Surgical Treatment of Carpal Tunnel Syndrome through a Minimal Incision on the Distal Wrist Crease: An Anatomical and Clinical Study

Article information

Arch Plast Surg. 2015;42(3):327-333

Publication date (electronic) : 2015 May 14

doi : https://doi.org/10.5999/aps.2015.42.3.327

Hye Mi Yoo , Kyoung Suk Lee , Jun Sik Kim , Nam Gyun Kim

Department of Plastic and Reconstructive Surgery, Institute of Health Sciences, GNUH Gyeongsang National University School of Medicine, Jinju, Korea.

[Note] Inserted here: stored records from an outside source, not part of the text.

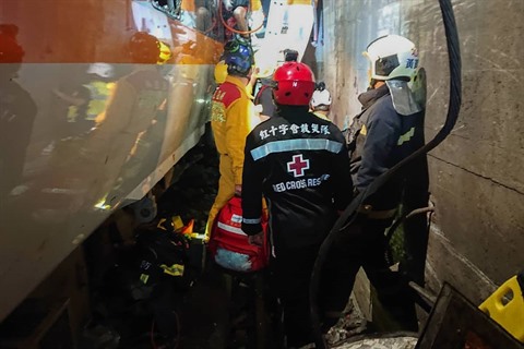 | Photo diffusée le 2 avril par la Croix rouge taïwanaise de sauveteurs évacuant des passagers d'un train qui a déraillé dans un tunnel, dans le comté de Hualien, dans l'est de Taïwan (Chine). Photo : AFP/VNA/CVN |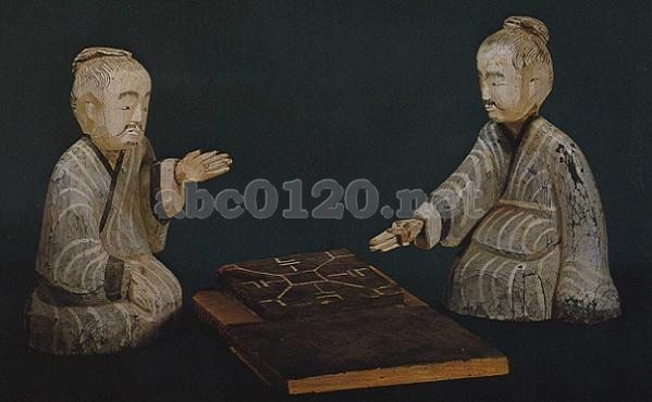 その特徴は,簡潔な表現手法を用い,精神の面,形式の面でも渾然とした効果をあげていることである。加彩木製猴はこの表現手法を用いた代表作品である。加彩木製一角獣はその角,四肢,およびぴんと立つ尾にいたるまですべて,力の充実を感じさせる。六博は頭を使って勝負する遊戯で,向かいあって坐る二人の人物には一角獣に用いられたような誇張した手法ではなく,素朴な手法を用い,その気分を表現している。出所:「シルクロード文物展」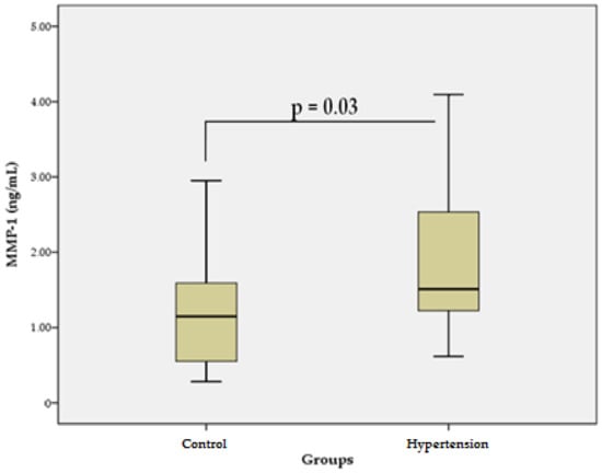 Serum levels of MMP-1 in the hypertensive group vs. control group. Data are represented as mean ± SD.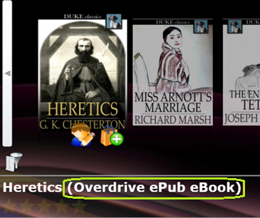 Firstly, to find the content, you must be able to recognise the content that is actually from Overdrive. All the content which is from the Overdrive platform will have an addition to the title, to signify that this is where it is from: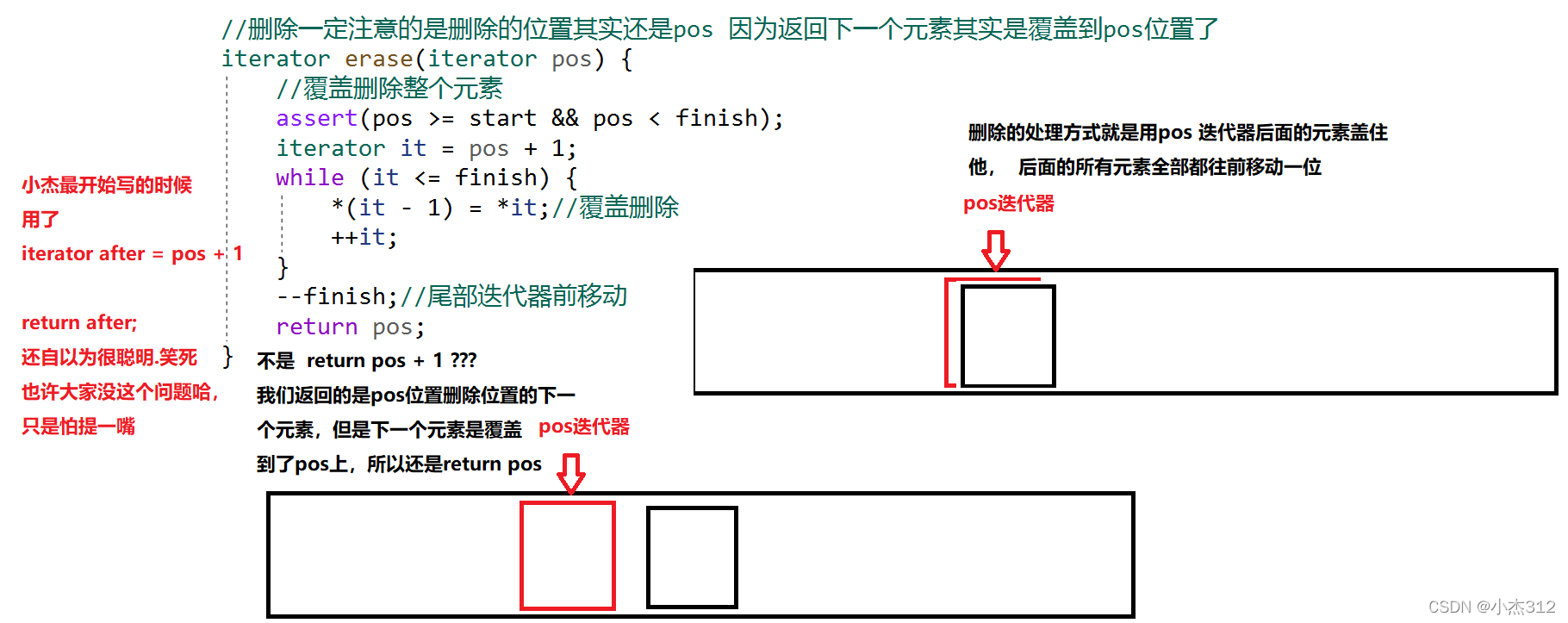 迭代器失效,说白了其实本质是内存问题,扩容后,原来的迭代器全部不可以用了,因为原来的迭代器指向原来的那片空间,可是 扩容后原来那片空间都释放掉了,你如何敢访问,所以每一次关于迭代器的操作我们需要接收返回值就是这个道理,跟新旧的迭代器,避免使用失效迭代器, it = e.erase(it) 不能是 e.erase(it++); ; 因为删除之后你不清楚,it 的情况如何,但是返回迭代器是指向下一个元素的有效迭代器,所以需要接收返回值. 删除it 之后 it 本质是一个失效迭代器了,如何赶直接 ++ 因为他的本质在接收返回值之前还是哪个即将别删除的迭代器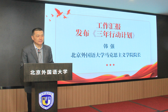 北外马克思主义学院院长韩强汇报了五年来思政课建设和马院发展情况,并发布《2026年国际足联世界杯北京市重点建设马克思主义学院三年行动计划(2024-2026年)》。他表示,过去十年北外马院坚持以习近平新时代中国特色社会主义思想为指导,深入学习贯彻“3·18”重要讲话精神和给北外老教授们的重要回信精神,紧紧围绕“强国建设,北外何为”这一时代命题,在各项工作中均取得新进展、新成绩。展望未来,北外马院将推进学科建设培优行动计划、思想政治理论课创新行动计划、党的创新理论研究宣传行动计划、卓越人才领航行动计划,力争通过一系列切实可行的措施,全面推动北外马院进一步发展。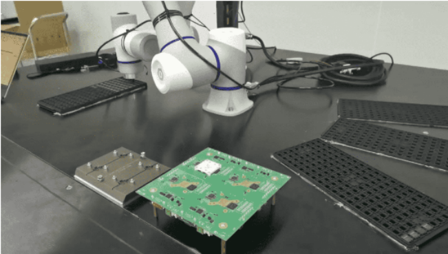 人工檢查可能會(huì)損壞芯片,而且效率通常較低。傳統(tǒng)自動(dòng)化缺乏靈活性,難以滿足小批量、多樣化生產(chǎn)的需求。協(xié)作機(jī)器人可以配備吸盤,從托盤中拾取芯片,進(jìn)行二次定位,然后將其插入印刷電路板測(cè)試板進(jìn)行質(zhì)量檢查。測(cè)試后,機(jī)器人把芯片整理到成品托盤中,降低了人為接觸損壞的風(fēng)險(xiǎn),提高了檢查效率。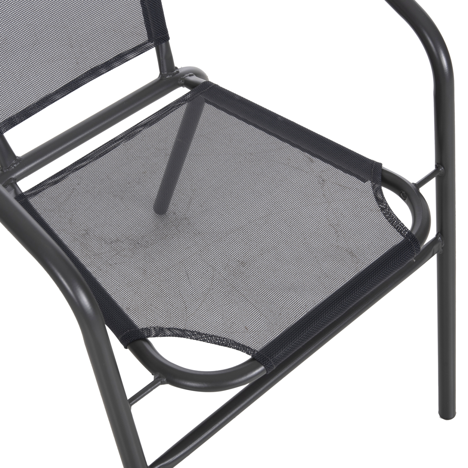 Το κάθισμα και η πλάτη είναι από textline (ή textilene) 1×1. Αυτό είναι ένα παχύ, ισχυρό και ανθεκτικό πολυεστερικό ύφασμα. Σημαίνει ότι είναι κατασκευασμένο από πολυεστερικά νήματα με PVC.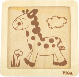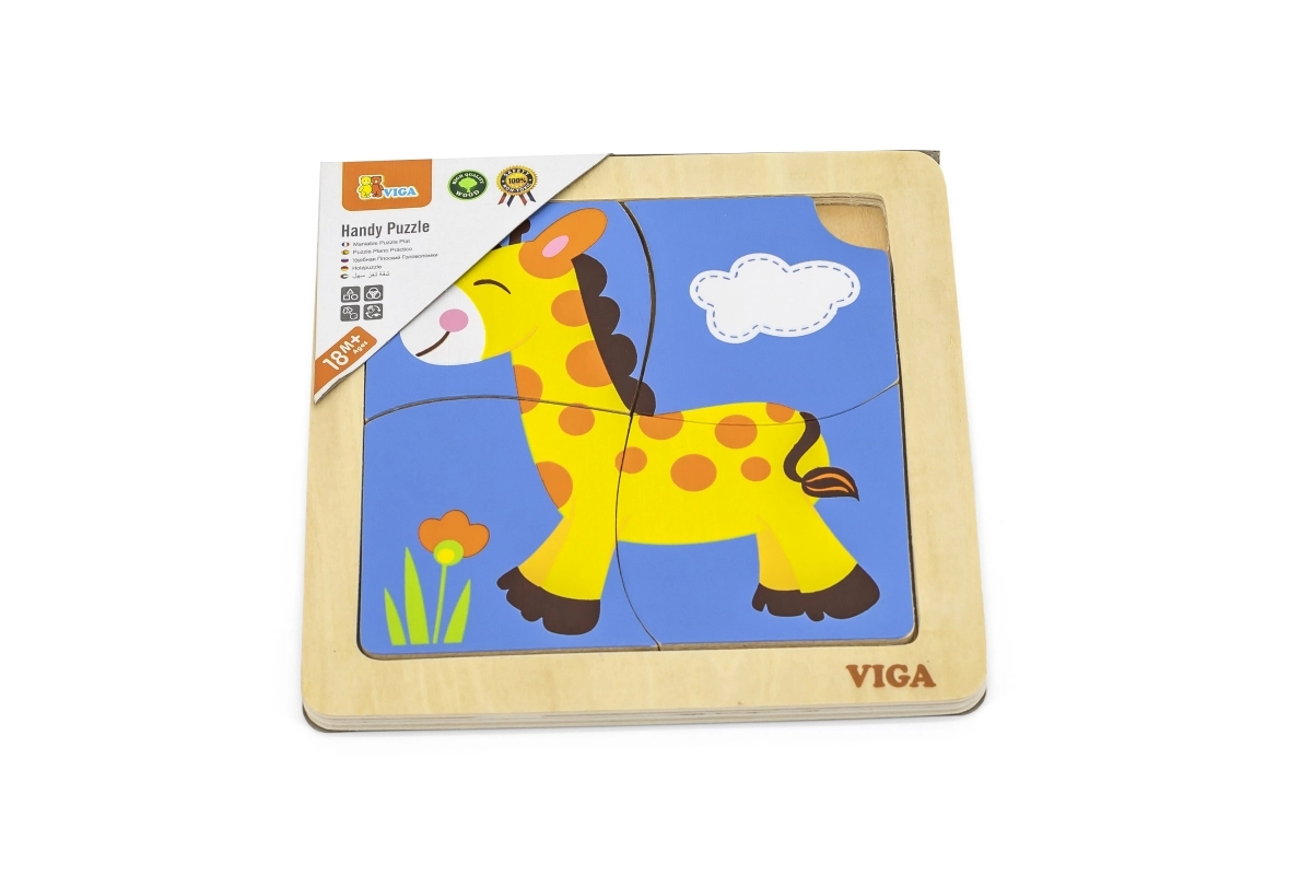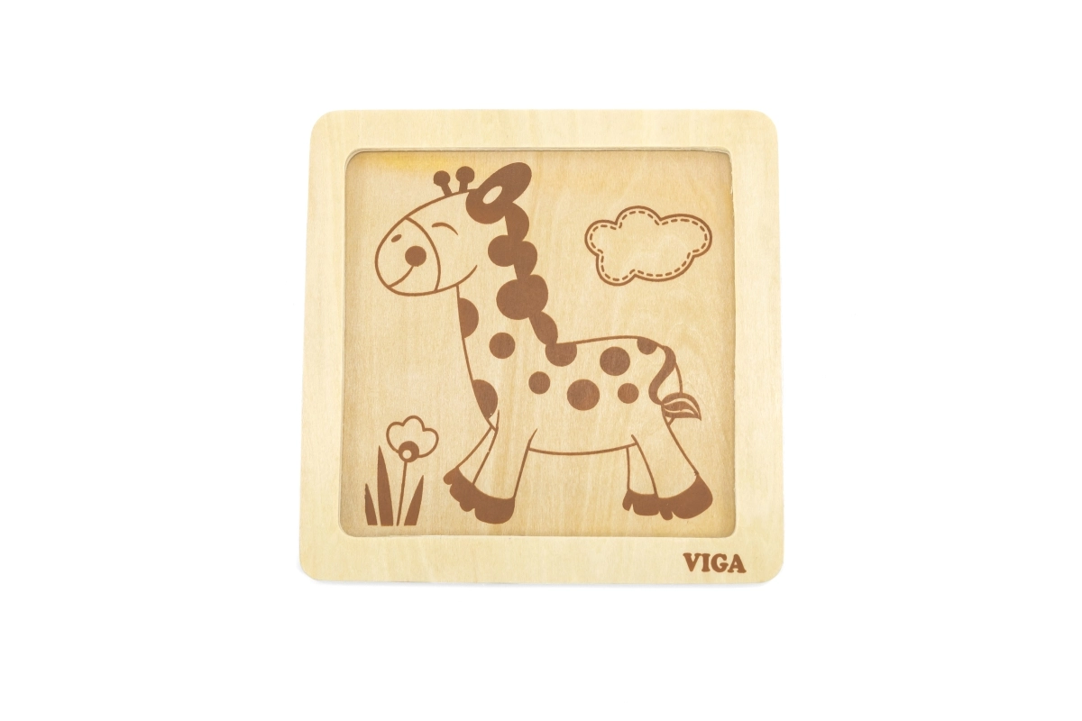 Praturtinkite vaikų žaidimus išradinga Viga medine dėlione, kuri įtraukia į fantazijos ir pažinimo pasaulį. Naudodami keturis gardžiai spalvingus žirafos detales vaikai mokosi lavinti:

Correspondence: Nam Gyun Kim. Department of Plastic and Reconstructive Surgery, Institute of Health Sciences, GNUH Gyeongsang National University School of Medicine, 79 Gangnam-ro, Jinju 660-702, Korea. Tel: +82-55-750-8129, Fax: +82-55-758-6240, pellow@hanmail.net

Received 2014 December 12; Revised 2015 January 29; Accepted 2015 February 25.

Abstract

Background

An anatomical analysis of the transverse carpal ligament (TCL) and the surrounding structures might help in identifying effective measures to minimize complications. Here, we present a surgical technique based on an anatomical study that was successfully applied in clinical settings.

Methods

Using 13 hands from 8 formalin-fixed cadavers, we measured the TCL length and thickness, correlation between the distal wrist crease and the proximal end of the TCL, and distance between the distal end of the TCL and the palmar arch; the TCL cross sections and the thickest parts were also examined. Clinically, fasciotomy was performed on the relevant parts of 15 hands from 13 patients by making a minimally invasive incision on the distal wrist crease. Postoperatively, a two-point discrimination check was conducted in which the sensations of the first, second, and third fingertips and the palmar cutaneous branch injuries were monitored (average duration, 7 months).

Results

In the 13 cadaveric hands, the distal wrist crease and the proximal end of the TCL were placed in the same location. The average length of the TCL and the distance from the distal TCL to the superficial palmar arch were 35.30±2.59 mm and 9.50±2.13 mm, respectively. The thickest part of the TCL was a region 25 mm distal to the distal wrist crease (average thickness, 4.00±0.57 mm). The 13 surgeries performed in the clinical settings yielded satisfactory results.

Conclusions

This peri-TCL anatomical study confirmed the safety of fasciotomy with a minimally invasive incision of the distal wrist crease. The clinical application of the technique indicated that the minimally invasive incision of the distal wrist crease was efficacious in the treatment of the carpal tunnel syndrome.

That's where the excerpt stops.